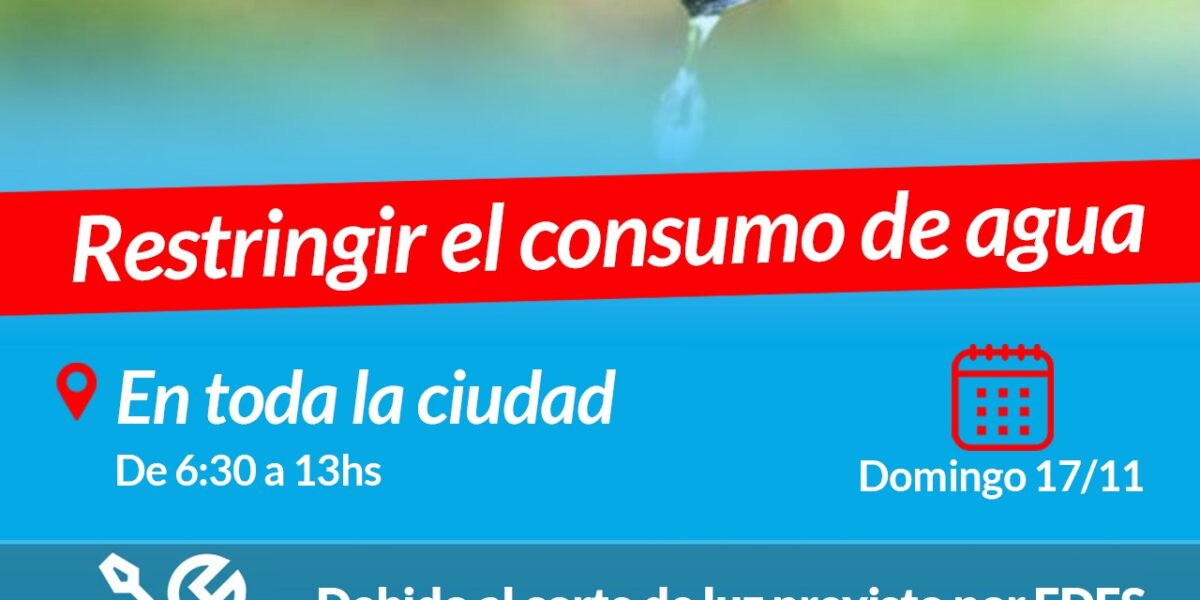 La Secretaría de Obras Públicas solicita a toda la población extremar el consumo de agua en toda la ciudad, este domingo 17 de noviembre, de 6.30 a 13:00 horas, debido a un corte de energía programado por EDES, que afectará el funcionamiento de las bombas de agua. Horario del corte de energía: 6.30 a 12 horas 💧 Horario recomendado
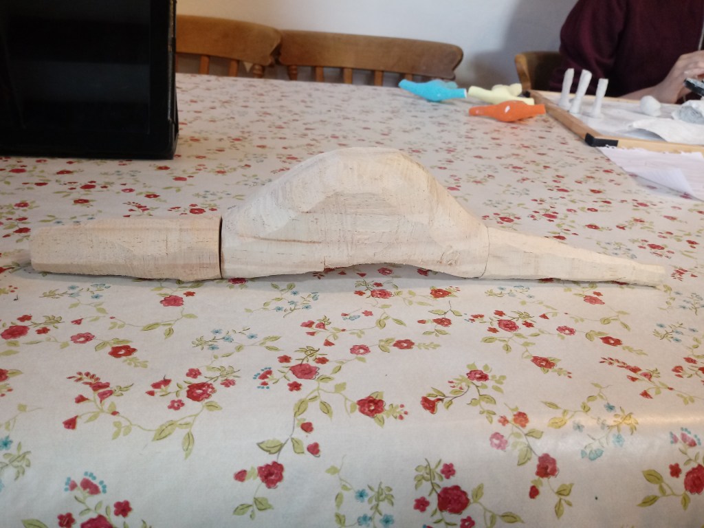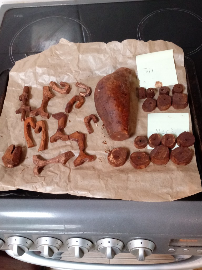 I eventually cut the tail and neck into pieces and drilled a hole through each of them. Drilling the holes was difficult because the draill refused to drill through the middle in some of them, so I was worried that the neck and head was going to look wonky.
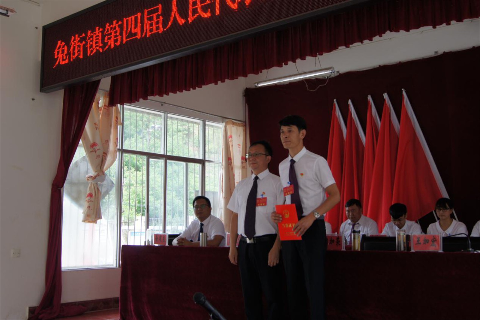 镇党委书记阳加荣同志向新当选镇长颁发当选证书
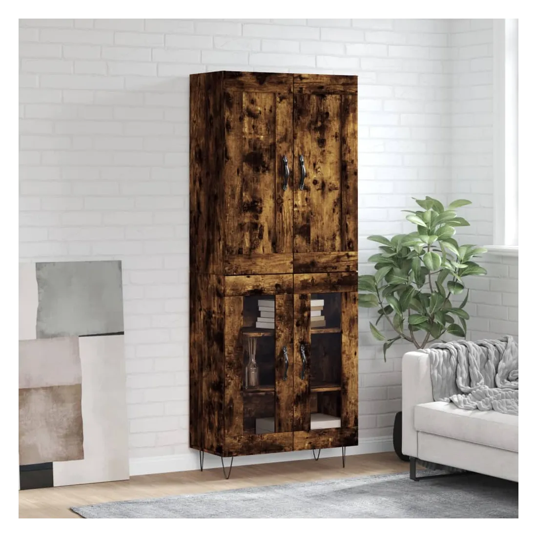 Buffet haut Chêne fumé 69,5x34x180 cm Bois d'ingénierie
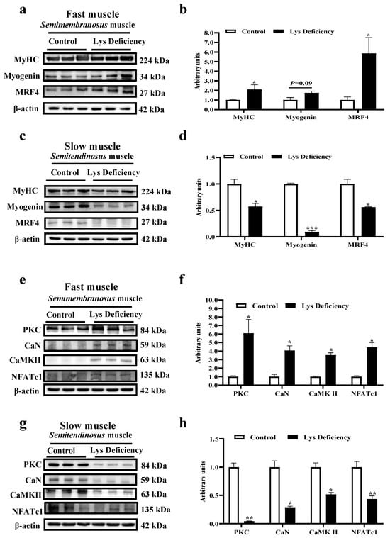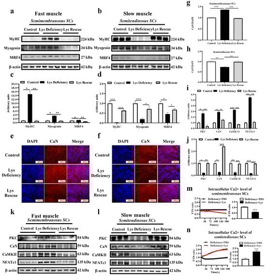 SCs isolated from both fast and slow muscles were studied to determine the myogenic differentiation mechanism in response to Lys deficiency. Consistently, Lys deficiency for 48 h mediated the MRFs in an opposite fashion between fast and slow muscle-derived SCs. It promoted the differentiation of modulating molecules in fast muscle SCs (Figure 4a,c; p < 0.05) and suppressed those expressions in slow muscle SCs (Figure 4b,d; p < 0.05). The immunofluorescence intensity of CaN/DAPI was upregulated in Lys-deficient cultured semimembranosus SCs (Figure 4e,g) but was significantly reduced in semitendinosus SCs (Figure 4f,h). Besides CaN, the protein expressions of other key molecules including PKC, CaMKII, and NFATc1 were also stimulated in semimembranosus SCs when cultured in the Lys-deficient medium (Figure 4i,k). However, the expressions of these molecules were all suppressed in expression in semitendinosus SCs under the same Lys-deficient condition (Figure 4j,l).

━━━━

* WHAT THE EXERCISE ASKS *
Every entry above should be given again exactly, with no images included.

* EXPECTED OUTPUT *
 La Secretaría de Obras Públicas solicita a toda la población extremar el consumo de agua en toda la ciudad, este domingo 17 de noviembre, de 6.30 a 13:00 horas, debido a un corte de energía programado por EDES, que afectará el funcionamiento de las bombas de agua. Horario del corte de energía: 6.30 a 12 horas 💧 Horario recomendado
 I eventually cut the tail and neck into pieces and drilled a hole through each of them. Drilling the holes was difficult because the draill refused to drill through the middle in some of them, so I was worried that the neck and head was going to look wonky.
 镇党委书记阳加荣同志向新当选镇长颁发当选证书
 Buffet haut Chêne fumé 69,5x34x180 cm Bois d'ingénierie
 SCs isolated from both fast and slow muscles were studied to determine the myogenic differentiation mechanism in response to Lys deficiency. Consistently, Lys deficiency for 48 h mediated the MRFs in an opposite fashion between fast and slow muscle-derived SCs. It promoted the differentiation of modulating molecules in fast muscle SCs (Figure 4a,c; p < 0.05) and suppressed those expressions in slow muscle SCs (Figure 4b,d; p < 0.05). The immunofluorescence intensity of CaN/DAPI was upregulated in Lys-deficient cultured semimembranosus SCs (Figure 4e,g) but was significantly reduced in semitendinosus SCs (Figure 4f,h). Besides CaN, the protein expressions of other key molecules including PKC, CaMKII, and NFATc1 were also stimulated in semimembranosus SCs when cultured in the Lys-deficient medium (Figure 4i,k). However, the expressions of these molecules were all suppressed in expression in semitendinosus SCs under the same Lys-deficient condition (Figure 4j,l).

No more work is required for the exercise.